How The Progressive Era Shaped The Congress We Know Today

How The Progressive Era Shaped The Congress We Know Today

The “progressive” movement was not always the far-left wing of American politics as we know it today. In Hillsdale College’s online course, “Congress: How It Worked and Why It Doesn’t,” Professor Kevin Portteus explains how the progressives in Congress during the “Progressive Era” significantly reformed the wielding of power in the House of Representatives.

The American Progressive reform movement ran from the late 19th century through the first decades of the 20th century, and its leaders and ideologues included Theodore Roosevelt, Woodrow Wilson, and Herbert Croly. Their vision for government and administration rejected the founders’ intentions and core beliefs. Instead, progressives believed the government needed to be more involved in managing the public’s lives than the Constitution allows. With the rapid changes across the country caused by the Industrial Revolution, they believed more government involvement was necessary in addressing the economic and political issues for the future.
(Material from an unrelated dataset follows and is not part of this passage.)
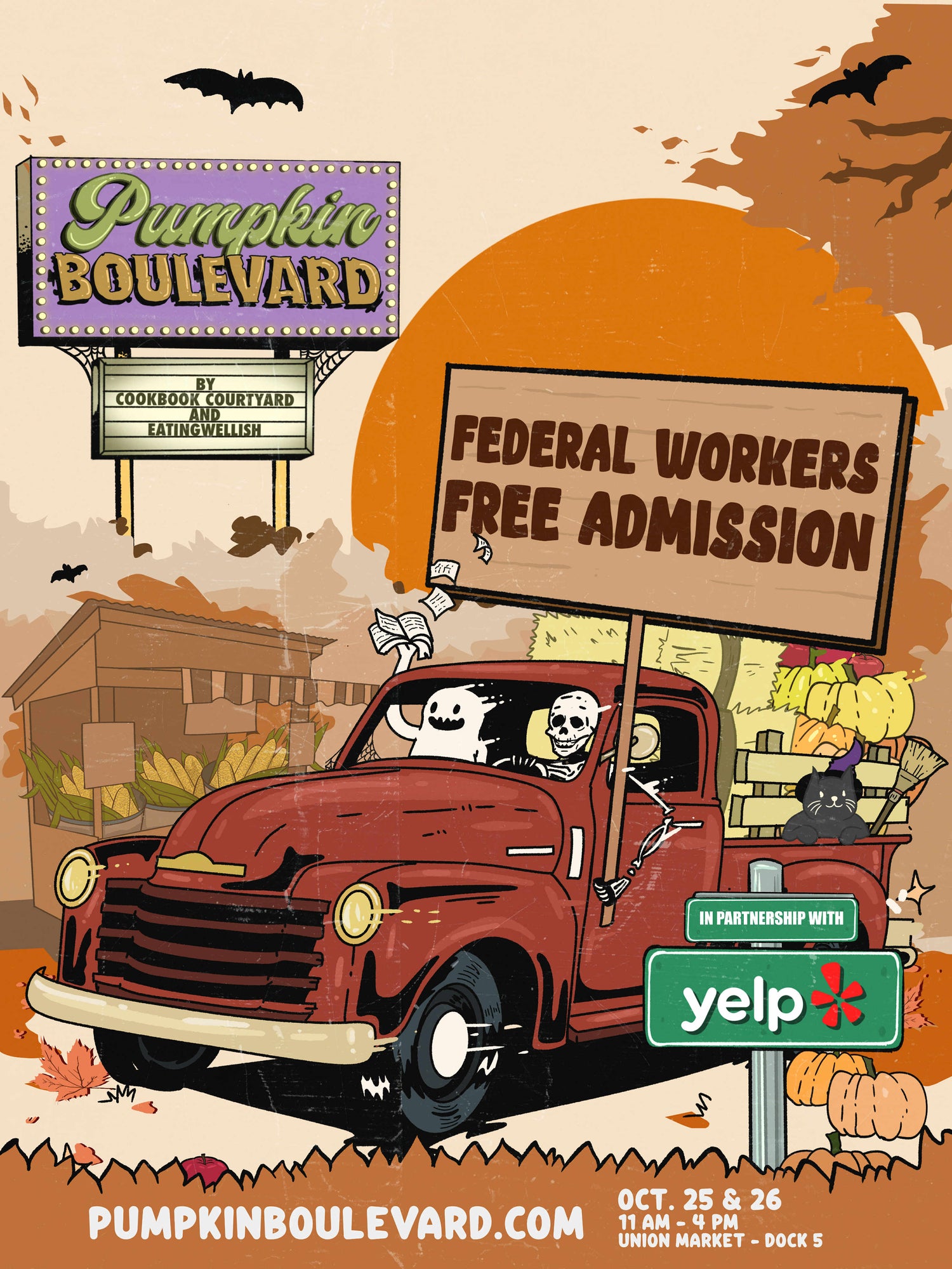 DC! WE ARE HERE FOR YOU! All federal workers get FREE admission to Pumpkin Boulevard for both days! Just show your government or contractor ID at check-in. Come hang out, grab some treats, score a goodie bag, and celebrate Halloween with us!

Wilson admired the British parliamentary system, especially how the prime minister was a leader of both the government and the leader of the majority within the legislature. Progressives looked to making the speaker of the House their version of a prime minister in the American system, and they did so successfully with Rep. Bracket Reed, who dominated the late 1880s and 1890s. Reed began exerting power by silencing the minority with procedural tricks, controlling the committee chair appointment process, and chairing the Rules Committee, essentially deciding what legislation would be voted on.

It wasn’t too long before this backfired on Progressives, however. When Joseph Cannon, a conservative anti-progressive, took over the speakership in 1903, he wielded the same unprecedented power of committee assignments, floor recognition, and the ability to punish other factions that got out of line. It wasn’t that progressives didn’t like someone having that amount of power, it was that they didn’t like it being used against progressive causes. He clashed with the progressive Democrats, progressive Republicans, and President Theodore Roosevelt.

At the time, politicians who favored the progressive philosophy on administration were split across both parties. Progressive Republicans were known as insurgents because they were in minority among the Republican coalition. Likewise, not all Democrats were progressives.

In 1910, insurgents in both parities aligned themselves in the Revolt of 1910. Progressive Republican George Norris of Nebraska introduced a resolution to strip Cannon of his power on the Rules Committee, which sent bills to the floor for debate, vote, and passage. Since it was St. Patrick’s Day, many of Cannon’s loyalists were out partying, and Norris was able to overrule Cannon in a vote of 182 to 163. From that point on, the speaker of the House would never again have the power to push his party’s agenda through the House.

Rep. Nelson, a progressive Republican from Wisconsin, said in a floor speech, “We are fighting…for the common right of equal representation in this House, and for the right of way for progressive legislation in Congress.” What sounds like a simple procedural reform was at its heart a plan to wrest power from a dominating majority.

Power eventually moved from the speaker to the chairmen of the standing committees, who were increasingly chosen by seniority. Progressives initially saw this as a win for their coalition, but it too backfired when it another group secured seats and control for long periods of time: Southern Democrats. The South was dominated by the Democratic Party, who were overwhelmingly conservative, and held their seats uncontested for decades meaning more senior committee positions.

The Progressive Era solidified that when it comes to power in Congress, process matters. Through trial and error, progressives sought top-down methods to quell minority factions, even if it meant they would reap the consequences of their own rules.